> _BRIEF_:
Before you return the lines below, strip out any images and keep every word as written.

> _EXTRACTED ENTRIES_:
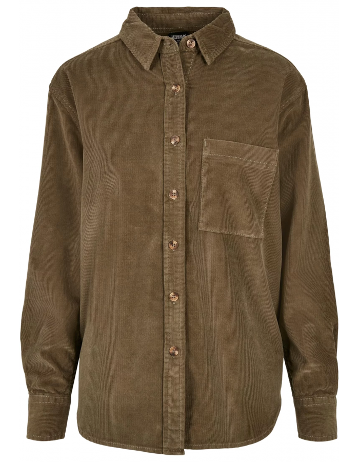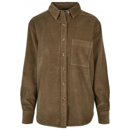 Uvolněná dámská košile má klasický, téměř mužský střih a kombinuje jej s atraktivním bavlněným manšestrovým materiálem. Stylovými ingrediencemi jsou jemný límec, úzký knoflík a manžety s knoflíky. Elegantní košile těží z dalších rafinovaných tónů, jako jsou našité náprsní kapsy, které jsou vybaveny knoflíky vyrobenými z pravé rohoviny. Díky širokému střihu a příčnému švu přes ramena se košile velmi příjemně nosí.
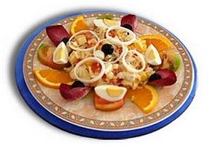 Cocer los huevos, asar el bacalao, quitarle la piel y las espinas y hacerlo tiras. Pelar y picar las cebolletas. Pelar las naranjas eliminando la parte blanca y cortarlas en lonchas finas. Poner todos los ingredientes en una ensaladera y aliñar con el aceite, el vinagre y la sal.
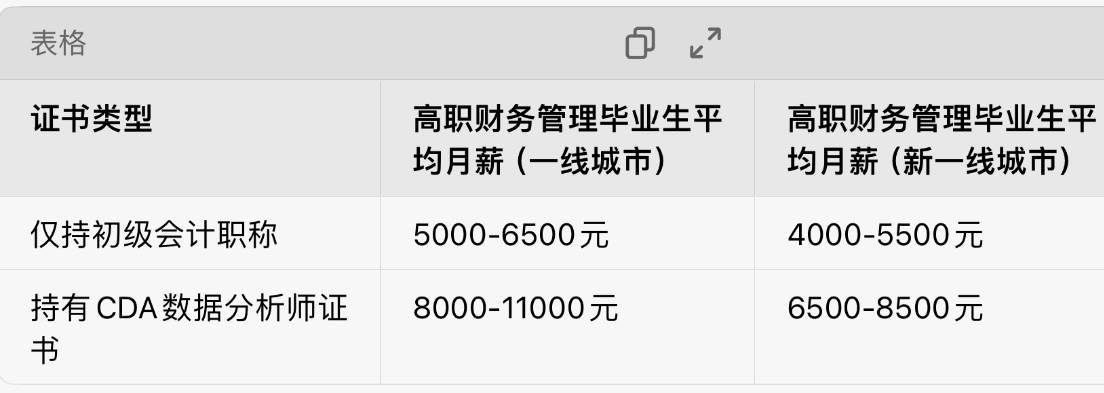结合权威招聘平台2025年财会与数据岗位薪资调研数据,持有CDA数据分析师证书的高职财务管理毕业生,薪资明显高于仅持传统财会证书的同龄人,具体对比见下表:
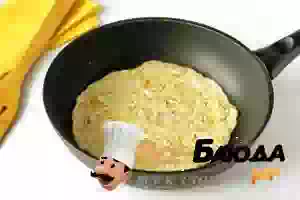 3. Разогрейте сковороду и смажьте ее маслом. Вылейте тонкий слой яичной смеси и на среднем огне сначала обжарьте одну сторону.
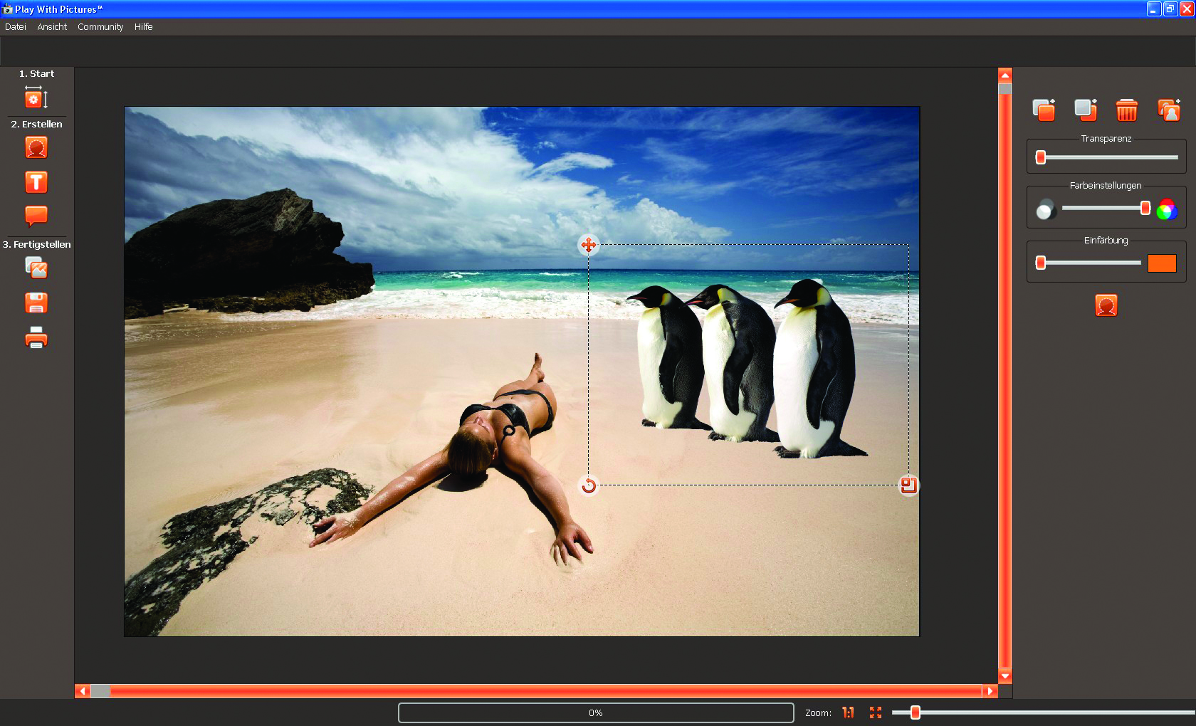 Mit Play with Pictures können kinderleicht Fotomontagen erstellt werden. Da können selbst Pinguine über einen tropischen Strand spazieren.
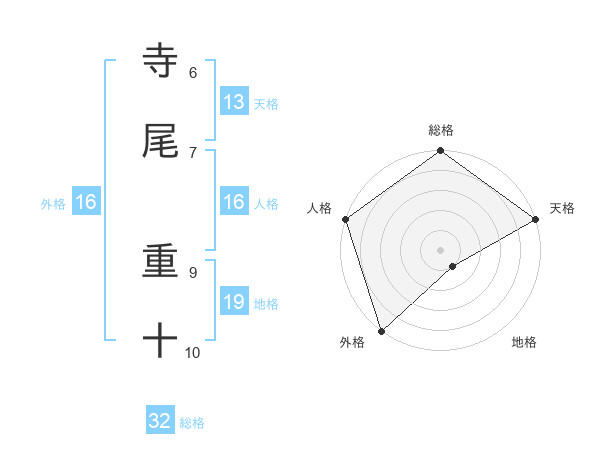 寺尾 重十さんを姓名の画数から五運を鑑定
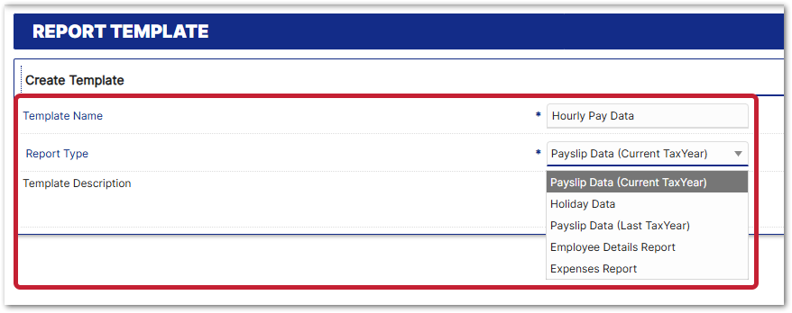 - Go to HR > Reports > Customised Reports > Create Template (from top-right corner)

> _SOLUTION TO THIS TASK_:
 Uvolněná dámská košile má klasický, téměř mužský střih a kombinuje jej s atraktivním bavlněným manšestrovým materiálem. Stylovými ingrediencemi jsou jemný límec, úzký knoflík a manžety s knoflíky. Elegantní košile těží z dalších rafinovaných tónů, jako jsou našité náprsní kapsy, které jsou vybaveny knoflíky vyrobenými z pravé rohoviny. Díky širokému střihu a příčnému švu přes ramena se košile velmi příjemně nosí.
 Cocer los huevos, asar el bacalao, quitarle la piel y las espinas y hacerlo tiras. Pelar y picar las cebolletas. Pelar las naranjas eliminando la parte blanca y cortarlas en lonchas finas. Poner todos los ingredientes en una ensaladera y aliñar con el aceite, el vinagre y la sal.
结合权威招聘平台2025年财会与数据岗位薪资调研数据,持有CDA数据分析师证书的高职财务管理毕业生,薪资明显高于仅持传统财会证书的同龄人,具体对比见下表:
 3. Разогрейте сковороду и смажьте ее маслом. Вылейте тонкий слой яичной смеси и на среднем огне сначала обжарьте одну сторону.
 Mit Play with Pictures können kinderleicht Fotomontagen erstellt werden. Da können selbst Pinguine über einen tropischen Strand spazieren.
 寺尾 重十さんを姓名の画数から五運を鑑定
 - Go to HR > Reports > Customised Reports > Create Template (from top-right corner)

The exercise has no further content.